Si l'on veut distinguer entre les deux barricades, celle du faubourg Saint-Antoine et celle de l'exil, Kesler en etait le trait d'union, car, ainsi que plusieurs autres proscrits, il etait des deux.

Laissez-moi glorifier cet ecrivain de talent et ce vaillant homme. Il avait toutes les formes du courage, depuis le vif courage du combat jusqu'au lent courage de l'epreuve, depuis la bravoure qui affronte la mitraille jusqu'a l'heroisme qui accepte la nostalgie. C'etait un combattant et un patient.

Comme beaucoup d'hommes de ce siecle, comme moi qui parle en ce moment, il avait ete royaliste et catholique. Nul n'est responsable de son commencement. L'erreur du commencement rend plus meritoire la verite de la fin.

Kesler avait ete victime, lui aussi, de cet abominable enseignement qui est une sorte de piege tendu a l'enfance, qui cache l'histoire aux jeunes intelligences, qui falsifie les faits et fausse les esprits. Resultat: les generations aveuglees. Vienne un despote, il pourra tout escamoter aux nations ignorantes, tout jusqu'a leur consentement; il pourra leur frelater meme le suffrage universel. Et alors on voit ce phenomene, un peuple gouverne par extorsion de signature. Cela s'appelle un plebiscite.

Kesler avait, comme plusieurs de nous, refait son education; il avait rejete les prejuges suces avec le lait; il avait depouille, non le vieil homme, mais le vieil enfant; pas a pas, il etait sorti des idees fausses et entre dans les idees vraies; et muri, grandi, averti par la realite, rectifie par la logique, de royaliste il etait devenu republicain. Une fois qu'il eut vu la verite, il s'y devoua. Pas de devouement plus profond et plus tenace que le sien. Quoique atteint du mal du pays, il a refuse l'amnistie. Il a affirme sa foi par sa mort.

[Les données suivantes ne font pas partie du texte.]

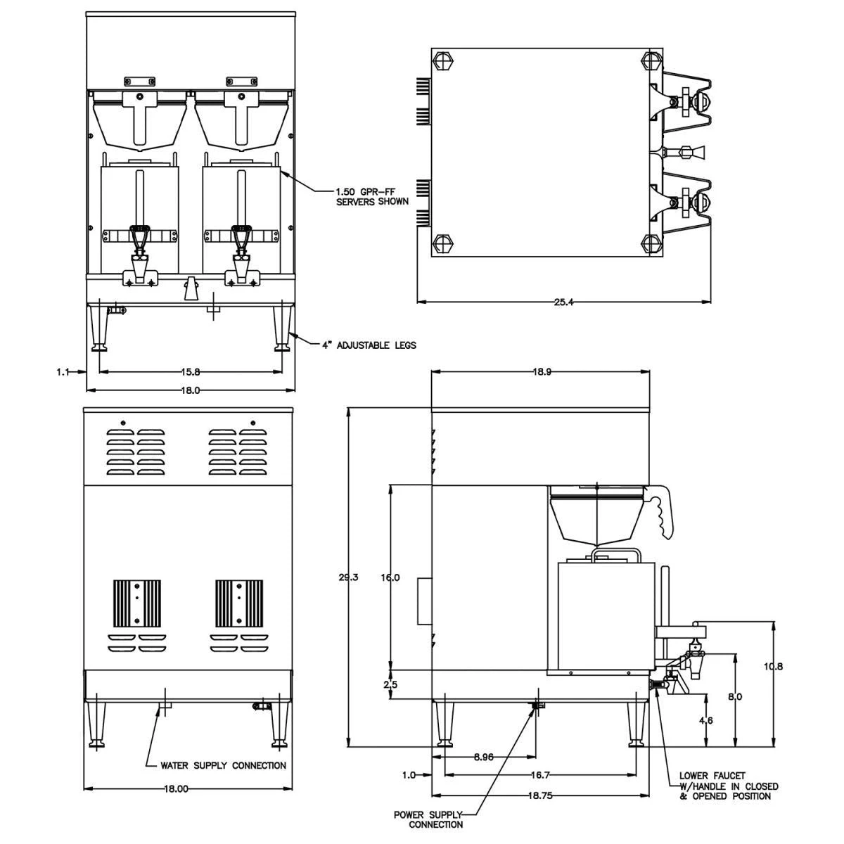 - Brews up to 18.9 gallons of coffee per hour
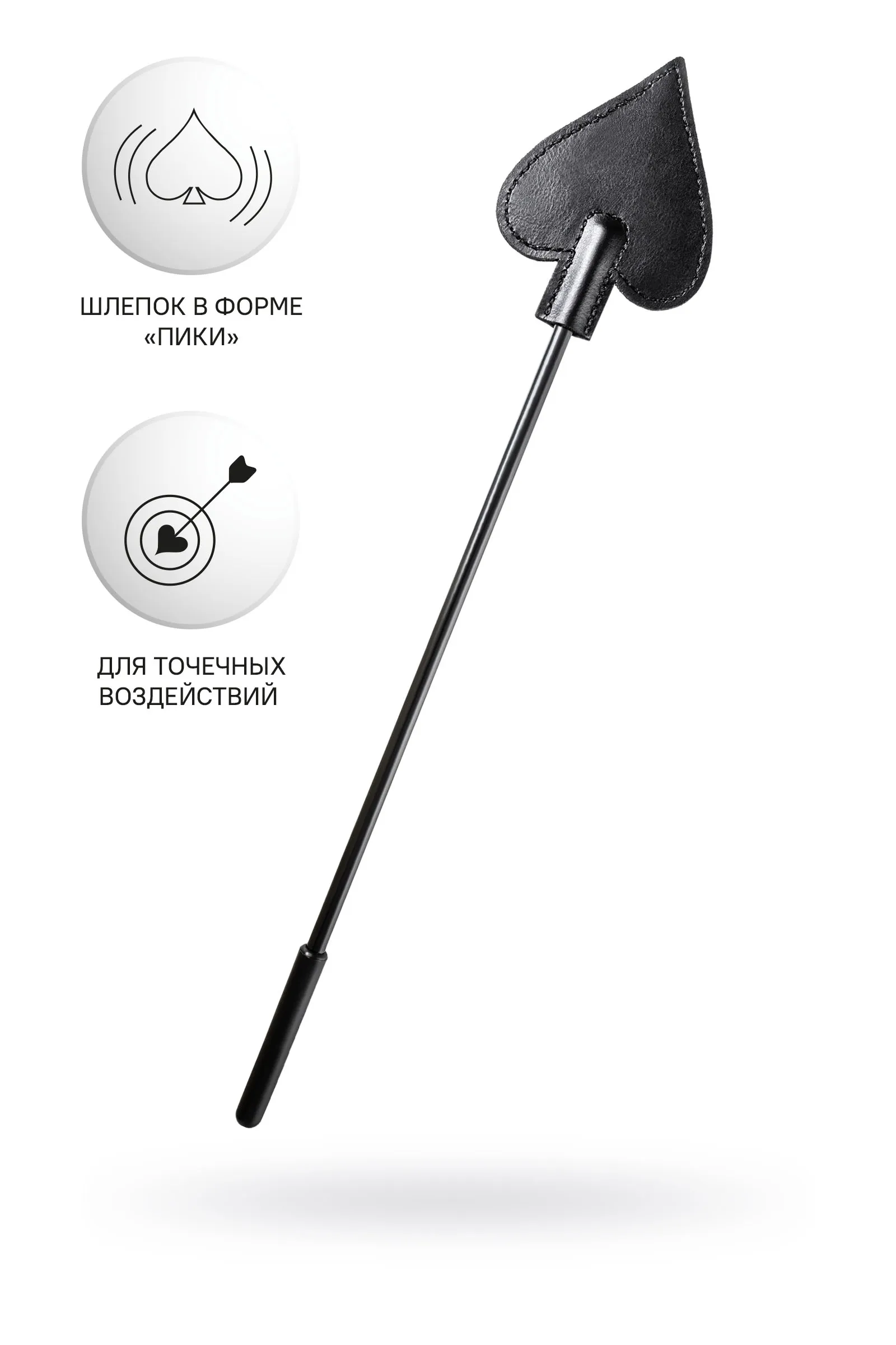 Доминирование и подчинение с помощью ограничения свободы — это еще не все, что вы можете сделать друг с другом. Черный стек с наконечником в форме сердечка-пики пригодится для ощутимого наказания непослушного партнера. Хлесткие точечные шлепки или указка – заигравшийся сабмиссив быстро поймет свою ошибку. Каждый неверный шаг, звук или поворот головы будет немедленно наказан с помощью жесткого стека из PU кожи. Сочетание напряжения, власти и элегантности – с этим стеком можно наказать провинившегося сабмиссива и еще раз продемонстрировать кто в паре главный. Материал: PU кожа Цвет: черный Общая длина: 36 см Длина наконечника: 8 см Ширина наконечника: 7 см
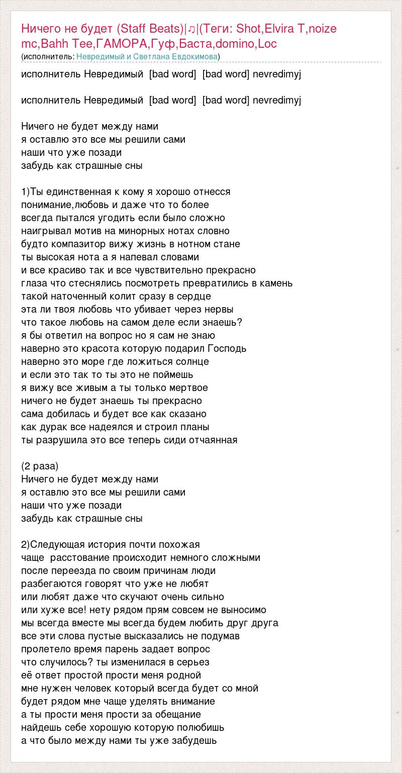 исполнитель Невредимый [bad word] [bad word] nevredimyj исполнитель Невредимый [bad word] [bad word] nevredimyj Ничего не будет между нами я оставлю это все мы решили сами наши что уже позади забудь как страшные сны 1)Ты единственная к кому я хорошо отнесся понимание,любовь и даже что то более всегда пытался угодить если было сложно наигрывал мотив на минорных нотах словно будто компазитор вижу жизнь в нотном стане ты высокая нота а я напевал словами и все красиво так и все чувствительно прекрасно глаза что стеснялись посмотреть превратились в камень такой наточенный колит сразу в сердце эта ли твоя любовь что убивает через нервы что такое любовь на самом деле если знаешь? я бы ответил на вопрос но я сам не знаю наверно это красота которую подарил Господь наверно это море где ложиться солнце и если это так то ты это не поймешь я вижу все живым а ты только мертвое ничего не будет знаешь ты прекрасно сама добилась и будет все как сказано как дурак все надеялся и строил планы ты разрушила это все теперь сиди отчаянная (2 раза) Ничего не будет между нами я оставлю это все мы решили сами наши что уже позади забудь как страшные сны 2)Следующая история почти похожая чаще расстование происходит немного сложными после переезда по своим причинам люди разбегаются говорят что уже не любят или любят даже что скучают очень сильно или хуже все! нету рядом прям совсем не выносимо мы всегда вместе мы всегда будем любить друг друга все эти слова пустые высказались не подумав пролетело время парень задает вопрос что случилось? ты изменилася в серьез её ответ простой прости меня родной мне нужен человек который всегда будет со мной будет рядом мне чаще уделять внимание а ты прости меня прости за обещание найдешь себе хорошую которую полюбишь а что было между нами ты уже забудешь
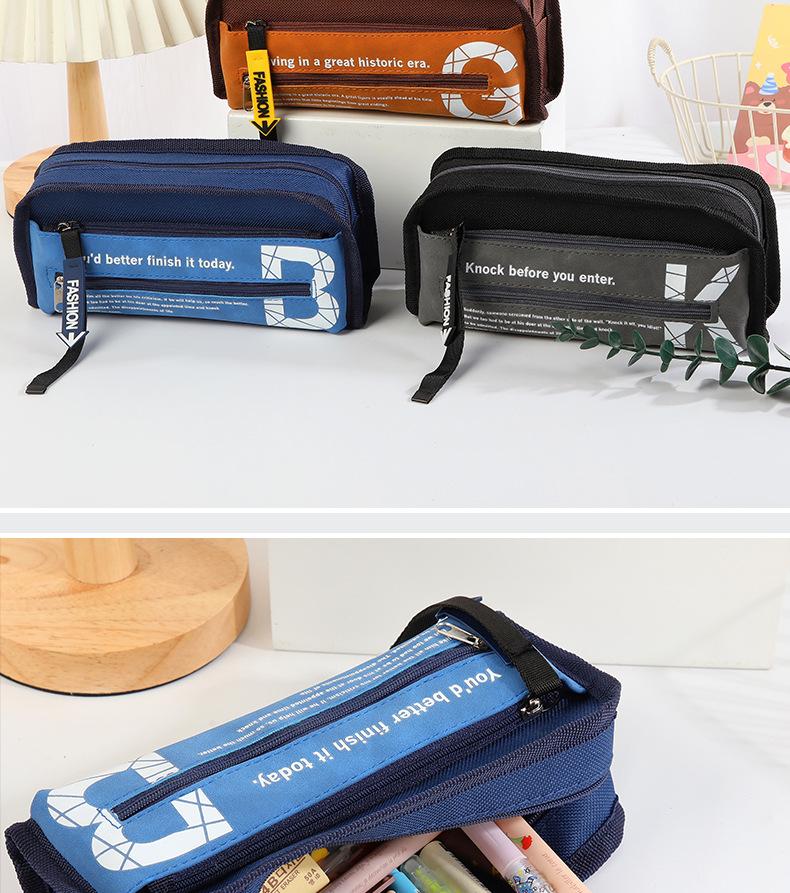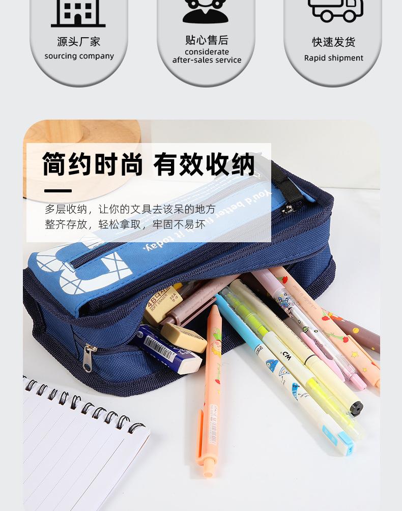 Bolsa de lápices de gran capacidad, sencilla y de venta transfronteriza, bolsa de lápices de alto valor para estudiantes, bolsa de papelería de tela Oxford multifuncional, venta al por mayor
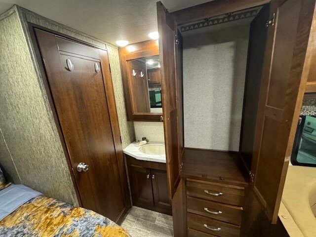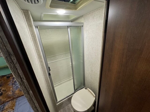 With excellent mileage under 9,000 miles, this motorhome has been driven less than 2,000 miles per year, ensuring that it remains in outstanding overall condition. The bathroom features a shower, toilet, and sink, providing all the necessary amenities for your travels.
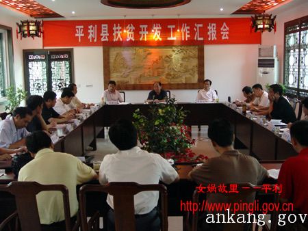 汇报会上,县委书记何邦军和县委副书记陈晓虎就平利县近年来扶贫开发工作进行了全面汇报。他们在汇报中说,平利是新一轮省级扶贫开发重点县,全县共有贫困人口8.08万人,低收入人口5.8万人,贫困人口占全县农村人口的40.4%,扶贫开发重点村120个,占全县行政村总数的40.3%。近年来,为认真贯彻省办“以扶贫重点村为主战场,以解决贫困人口温饱和提高贫困人口收入为目标,开发扶贫,整村推进”的扶贫工作新思路,县委、县政府结合县域发展实际,坚持把扶贫开发作为统筹农业农村发展、帮助贫困群体致富奔小康、构建和谐平利的重大战略部署,大力实施生态立县战略,努力建设陕西生态经济强县。在推进扶贫开发工作中,实行集中人力、集中项目、集中资金“三个集中”,突出主导产业、基础设施、村容村貌、生存环境“四大重点”,做到规划到位、服务到位、实施到位“三个到位”,走出了一条“政府统筹、资金捆绑、部门联动、群众参与,综合开发、整村推进”的扶贫开发路子,收到了良好的建设效果。全县启动重点村48个,其中19个已基本达到省市验收标准,完成了1675户6527人的移民搬迁任务,累计解决了1.6万贫困人口的脱贫致富问题,贫困人口人均纯收入的增长幅度连续三年高出全县农民平均水平。
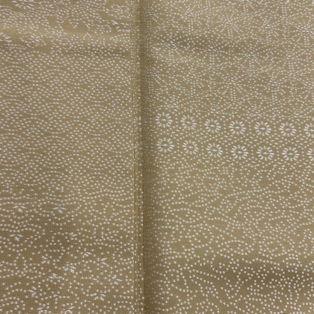小紋 身丈157cm 裄丈64.5cm M 袷 七宝 笹 ベージュ 正絹 秀品 一つ紋
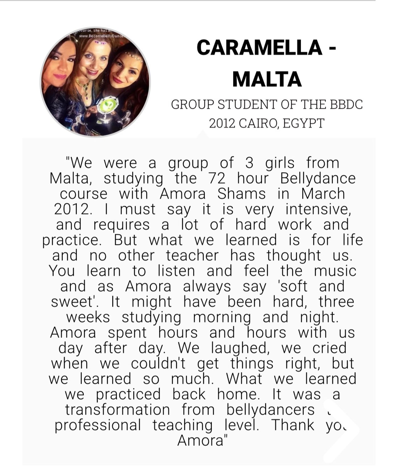 But what she found in Egypt is students asking for certifications, so she decided on 2008, to start giving private level certificates only to those booking her 20 days Course, under her point of view, as a professional BellyDancer at that moment with more than 15 years of experience. At that time the course was known as 60hBDC (60 hours BellyDance Course), on 2010 started to teach also Arabic to her course students expanding 12 hours more to the course then she called 72hBDC (72 hours BellyDance Course), also studied in 20 days.
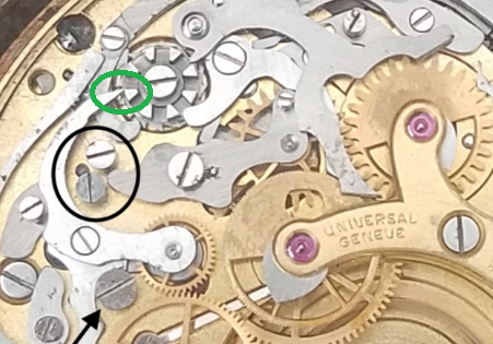 If you tighten SS-1 and the coupling yoke can't move over to work the chronograph, then you either have the wrong screw in this location or the coupling yoke is bent/damaged. It is very easy to mix these screws up as a lot of them are similar.
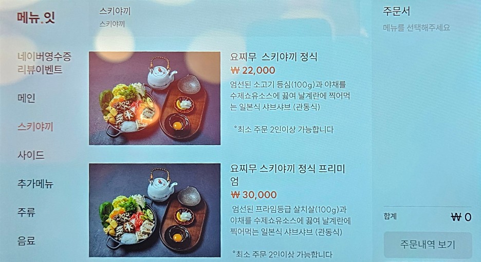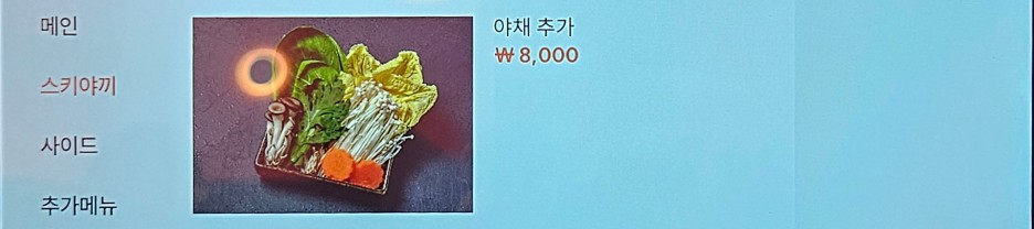 메인인 스키야키는 국물이 많은 형태인 관동식이라고 되어 있어,
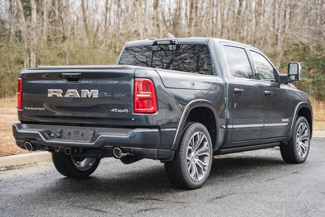 The 2026 RAM 1500 Tungsten Crew Cab 4x4 combines a 3.0L I6 Hurricane HO Twin Turbo engine with an 8-speed automatic transmission for a smooth, powerful drive, enhanced by advanced towing technologies and a 33-gallon fuel tank. Its luxurious interior boasts premium leather seats with massaging and 20-way adjustability, a dual-pane panoramic sunroof, a 14.4-inch Uconnect 5 touchscreen, a 12-inch digital cluster, head-up display, and a 23-speaker Klipsch sound system for an immersive experience. The exterior impresses with 22-inch polished wheels, LED projector headlamps, premium fog lamps, body-color accents, and active safety features including adaptive cruise control, evasive steering assist, and full-speed forward-collision warning plus.
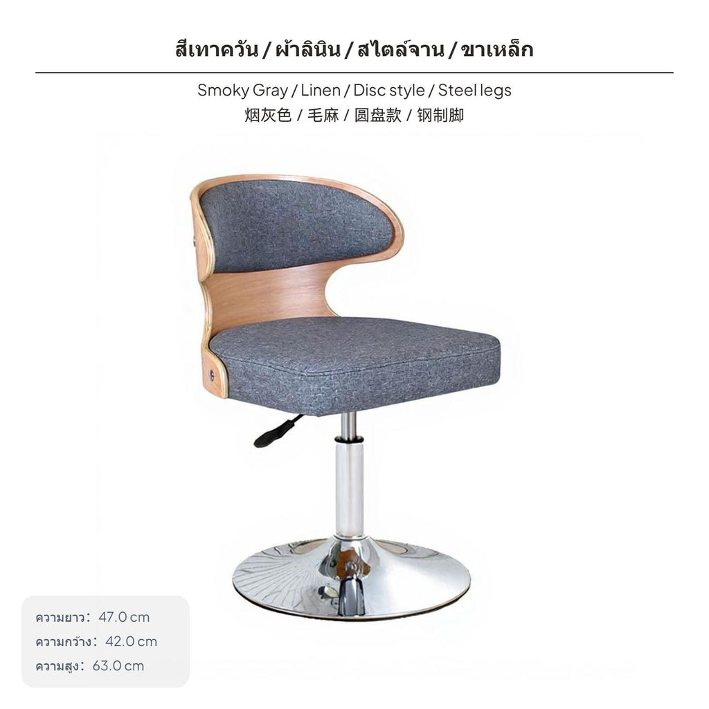 Adjustable rotating Chair, No-supportless Modern Study Computer Chair, Home Desk Stool Wood SmokyGray Linen Steel Legs

Il a voulu protester jusqu'au bout. Il est reste exile par adoration pour la patrie. L'amoindrissement de la France lui serrait le coeur. Il avait l'oeil fixe sur ce mensonge qui est l'empire; il s'indignait, il fremissait de honte, il souffrait. Son exil et sa colere ont dure dix-neuf ans. Le voila enfin endormi.

Endormi. Non. Je retire ce mot. La mort ne dort pas. La mort vit. La mort est une realisation splendide. La mort touche a l'homme de deux facons. Elle le glace, puis elle le ressuscite. Son souffle eteint, oui, mais il rallume. Nous voyons les yeux qu'elle ferme, nous ne voyons pas ceux qu'elle ouvre.

 

Adieu, mon vieux compagnon. – Tu vas donc vivre de la vraie vie! Tu vas aller trouver la justice, la verite, la fraternite, l'harmonie et l'amour dans la serenite immense. Te voila envole dans la clarte. Tu vas connaitre le mystere profond de ces fleurs, de ces herbes que le vent courbe, de ces vagues qu'on entend la-bas, de cette grande nature qui accepte la tombe dans sa nuit et l'ame dans sa lumiere. Tu vas vivre de la vie sacree et inextinguible des etoiles. Tu vas aller ou sont les esprits lumineux qui ont eclaire et qui ont vecu, ou sont les penseurs, les martyrs, les apotres, les prophetes, les precurseurs, les liberateurs. Tu vas voir tous ces grands coeurs flamboyants dans la forme radieuse que leur a donnee la mort. Ecoute, tu diras a Jean-Jacques que la raison humaine est battue de verges; tu diras a Beccaria que la loi en est venue a ce degre de honte qu'elle se cache pour tuer; tu diras a Mirabeau que Quatrevingt-neuf est lie au pilori; tu diras a Danton que le territoire est envahi par une horde pire que l'etranger; tu diras a Saint-Just que le peuple n'a pas le droit de parler; tu diras a Marceau que l'armee n'a pas le droit de penser; tu diras a Robespierre que la Republique est poignardee; tu diras a Camille Desmoulins que la justice est morte; et tu leur diras a tous que tout est bien, et qu'en France une intrepide legion combat plus ardemment que jamais, et que, hors de France, nous, les sacrifies volontaires, nous, la poignee des proscrits survivants, nous tenons toujours, et que nous sommes la, resolus a ne jamais nous rendre, debout sur cette grande breche qu'on appelle l'exil, avec nos convictions et avec leurs fantomes!